Tentu saja itu sangat berbeda dengan kultur budaya etika di tempat Anindira dilahirkan. Mereka akan beramah tamah dan saling menyapa meski itu orang asing sekalipun. Dalam aturan ramah tamah tidak tertulis dari tempat Anindira berasal, saat bicara, mengalihkan pandangan, apa lagi wajah, itu tidak sopan.

''Tidak ada…'' sahut Halvir acuh tapi juga sangat tegas intonasinya, ''Tapi, mereka harus bisa menjatuhkanku dulu,'' ujarnya lagi melanjutkan dengan nada angkuh, penuh percaya diri.

''Kenapa harus begitu?!'' seru Anindira bertanya, dia tidak memahami maksud kata-kata Halvir, ''Kak, aku tahu kau kuat, tapi terlalu sombong itu tidak baik…'' tambah Anindira dengan nada tegas.

Memiliki ayah seorang Dosen Psikologi di Universitas ternama dan juga seorang ibu yang menjadi Dokter Bedah, di tambah gaya hidup yang sederhana karena punya kakek dan nenek yang berasal dari kampung. Tentu saja Anindira selalu diajarkan kerendahan hati.

''Kak, kita tidak bisa hidup sendirian. Entah kapan, akan ada masanya kita butuh bantuan orang lain. Jadi akan lebih baik jika kita selalu membina hubungan baik dengan sesama, apalagi mereka semua berasal dari desa yang sama denganmu...'' ujar Anindira melanjutkan.

Anindira yang baru enam belas tahun, dengan percaya diri menasihati Halvir yang sepantaran dengan orang tuanya.

Halvir tersenyum mendengar ucapan Anindira yang panjang, dia pikir Anindira tidak tahu apa pun. Tapi, dia cukup terkejut karena ternyata dia bisa mengatakan hal yang bijaksana.

''Kau memang mirip dengan Ezra…'' sahut Halvir yang kemudian semakin erat mendekap Anindira, ''Baiklah, aku tahu.''

''Eum...'' angguk Anindira, '' Begini Kak... Belum juga dua hari aku masuk di desa ini, kau juga tahu, kalau selain dirimu aku tidak pernah bertemu siapapun beberapa bulan ini...'' lanjut Anindira ingin mengklarifikasi, karena nalurinya berkata kalau dia harus melakukannya, "Kak Hans, adalah satu-satunya orang yang pernah berbicara denganku melalui dirimu, aku bicara dengannya karena dia adalah orang pertama yang kau temui, sesaat, setelah memasuki desa, makanya aku berasumsi bahwa kau sangat mempercayainya…'' lanjut Anindira menjelaskannya, ''Apa aku benar?'' tanya Anindira kemudian, menegaskannya pada Halvir.

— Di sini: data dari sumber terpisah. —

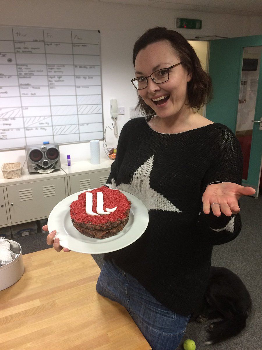 : It's Daisy's last day and she's brought us in an "on-brand" chocolate rum cake! #yum
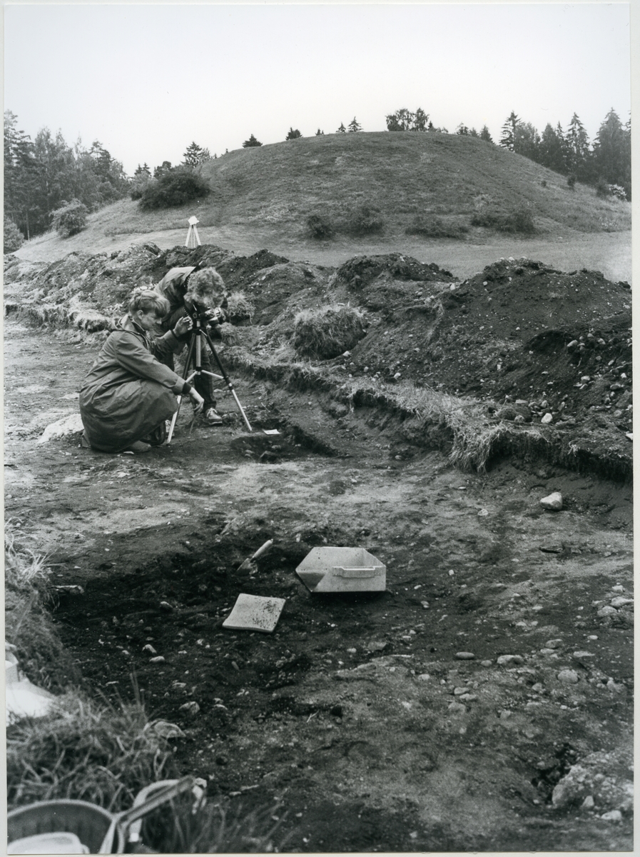 Eva Lindahl och Eva Simonsson vid pågående undersökning för anläggande av cykelväg 1984.
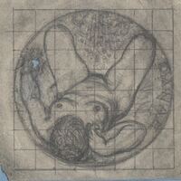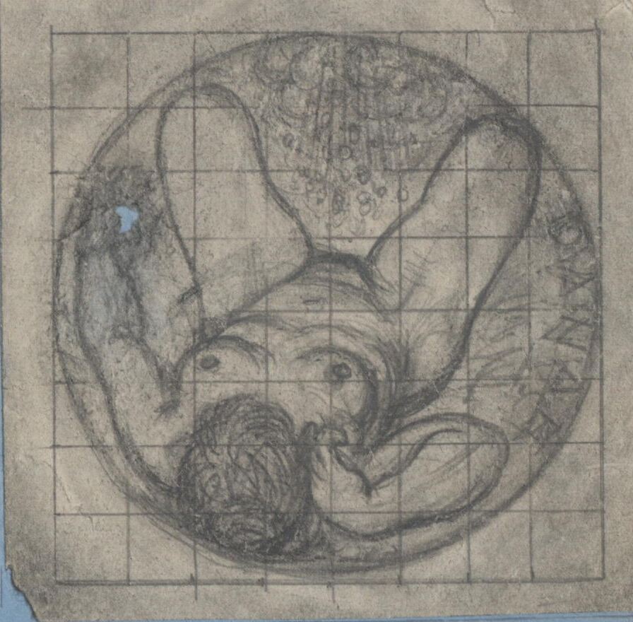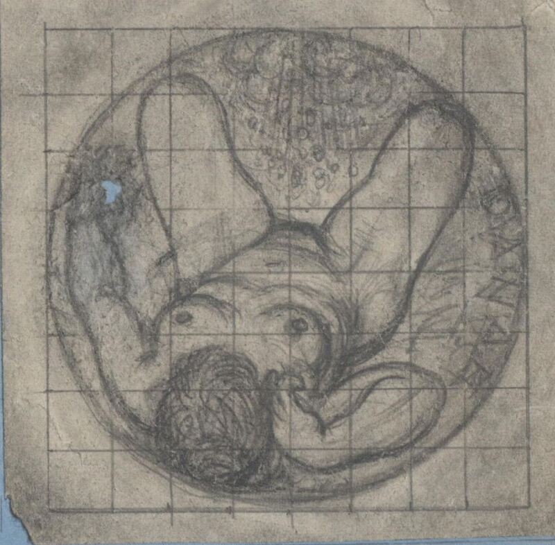 - Primer boceto a lápiz de trazos rápidos sobre fondo cuadriculado de una de las caras de una medalla, con la imagen de una mujer desnuda tumbada y con las piernas abiertas, presuponemos que recibiendo a Zeus.Boceto para una futura medalla de la Serie erótica. Sin referencias
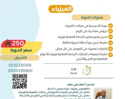 مميزات الدورة -دورة تأسيسية في مجالات الفيزياء -دروس مباشرة على الزوم -شرح جميع معايير الرخصة المهنية فيزياء -ملزمة شرح مع أسئلة تدريبية مكثفة -إخت...
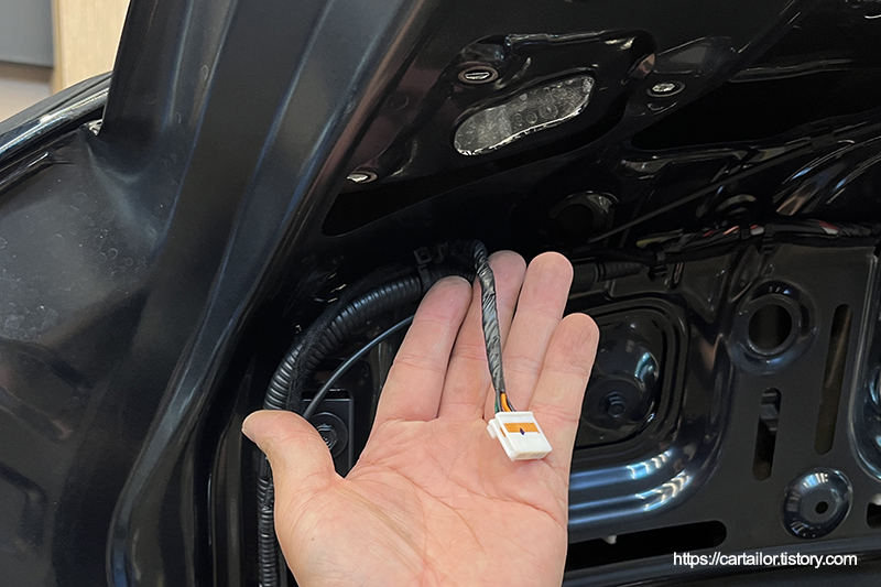 테일램프를 LED 사양으로 바꿀 경우, 별도의 배선 작업을 해줘야 합니다. 순정핀 삽입을 통해 작업하였으며, 트렁크 리드 개폐에 간섭없이 길이를 잡아 고정하였습니다. 외부로 노출된 배선은 콜게이트 튜브와 전기테이프로 감싸 순정 라인을 따라 고정하였습니다.

''Ya, kau benar…'' jawab Halvir, sekali lagi dia terkejut, Anindira secara detail bisa melihat semuanya, ''Tidak seperti kebanyakan orang lain, entah kenapa aku cocok dengan Hans, aku cukup akrab dengannya, walau dia tampak seperti itu. Tapi, dia orang yang gigih dan bukan orang yang mudah terganggu dengan ucapan orang lain. Karena itu, aku cukup menyukainya…'' lanjut Halvir menjelaskan seperti apa hubungannya dengan Hans.

''Lagi pula kak Hans juga sangat baik, aku melihatnya seperti kakakku, kalian sepertinya seumuran…'' sahut Anindira kemudian.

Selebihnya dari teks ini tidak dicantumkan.